Surely enough, the permits granted did not "safeguard" the city's land in
question. It is our considered view that the Mayor of the City of Manila cannot
legalize forcible entry into public property by the simple expedient of giving
permits, or, for that matter, executing leases.

Squatting is unlawful and no amount of acquiescence on the part of the city


officials will elevate it into a lawful act. In principle, a compound of illegal entry
and official permit to stay is obnoxious to our concept of proper official norm
of conduct. Because, such permit does not serve social justice; it fosters
moral decadence. It does not promote public welfare; it abets disrespect for
the law. It has its roots in vice; so it is an infected bargain.
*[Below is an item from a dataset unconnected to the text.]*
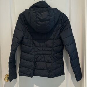 Length 23”. Two front zipper pockets. Packable Wind resistant. Water resistant fabric

Official approval
of squatting should not, therefore, be permitted to obtain in this country where
there is an orderly form of government.
We, accordingly, rule that the Manila mayors did not have authority to give
permits, written or oral, to defendants, and that the permits herein granted
are null and void.

3. Let us look into the houses and constructions planted by defendants on


the premises. They clearly hinder and impair the use of that property for
school purposes. The courts may well take judicial notice of the fact that
housing school children in the elementary grades has been and still is a
perennial problem in the city. The selfish interests of defendants must have
to yield to the general good. The public purpose of constructing the school
building annex is paramount.10

In the situation thus obtaining, the houses and constructions aforesaid


constitute public nuisance per se. And this, for the reason that they hinder
and impair the use of the property for a badly needed school building, to the
prejudice of the education of the youth of the land.11 They shackle the hands
of the government and thus obstruct performance of its constitutionally
ordained obligation to establish and maintain a complete and adequate
system of public education, and more, to "provide at least free public primary
instruction".12

Reason dictates that no further delay should be countenanced. The public


nuisance could well have been summarily abated by the city authorities
themselves, even without the aid of the courts.13

4. Defendants challenge the jurisdiction of the Court of First Instance of


Manila. They say that the case should have been started in the municipal
court. They prop up their position by the averment that notice for them to
vacate was only served in September, 1961, and suit was started in July,
1962. Their legal ground is Section 1, Rule 70 of the Rules of Court. We have
reached the conclusion that their forcible entry dates back to the period from
1945 to 1947. That entry was not legalized by the permits. Their possession
continued to remain illegal from incipiency. Suit was filed long after the one-
year limitation set forth in Section 1 of Rule 70. And the Manila Court of First
Instance has jurisdiction.14

Upon the premises, we vote to affirm the judgment under review. Costs against
defendants-appellants. So ordered.

Concepcion, C.J., Reyes, J.B.L., Dizon, Regala, Makalintal, Bengzon, J.P.,


Zaldivar and Castro, JJ., concur.
Footnotes
1
Substitute by Cecilia Manzano, R.A. p. 70 and Tr., p. 16.
2
Civil Case No. 51087. Court of First Instance of Manila.
3
Section 5, Rule 124 of the 1940 Rules of Court, now Section 5, Rule 135 of
the new Rules of Court; Veluz vs. The Justice of the Peace of Sariaya, 42
Phil. 557, 563.
4
People vs. Singh 45 Phil. 676, 679.
5
Section 5, Rule 128, 1940 Rules of Court; Section 1, Rule 129, new Rules
of Court.
6
Section 50, Manila Charter.
7
Section 3, Rule 53, 1950 Rules of Court; Section 5, Rule 61, new Rules of
Court; J. M. Tuason & Co., Inc. vs. Magdangal, L-15539, January 30, 1962;
Joson vs. Nable, 87 Phil. 337, 340; J.M. Tuason & Co., Inc. vs. de la Rosa,
L-21904, October 29, 1966.
8
Sections 34 and 86, Revised Ordinances of the City of Manila, Ordinance
No. 1600.
9
Section 11(b), Manila Charter.
10
Dillon, Municipal Corporation, 5th Edition, Vol. III, pp. 1593-1594.
11
Article 694(5), Civil Code.
12
Section 5, Article XIV, Constitution.
13
Sitchon vs. Aquino, 98 Phil. 459, 464-466; Halili vs. Lacson, 98 Phil. 772,
774-775; Quinto vs. Lacson, 50 O.G. No. 29, pp. 5095-5096.
14
Vol. I, Nuevas Remedial Law, 1960 Ed., p. 597 and cases cited; Vol. 111,
Moran Comments on the Rules of Court, 1963 ed., p. 274.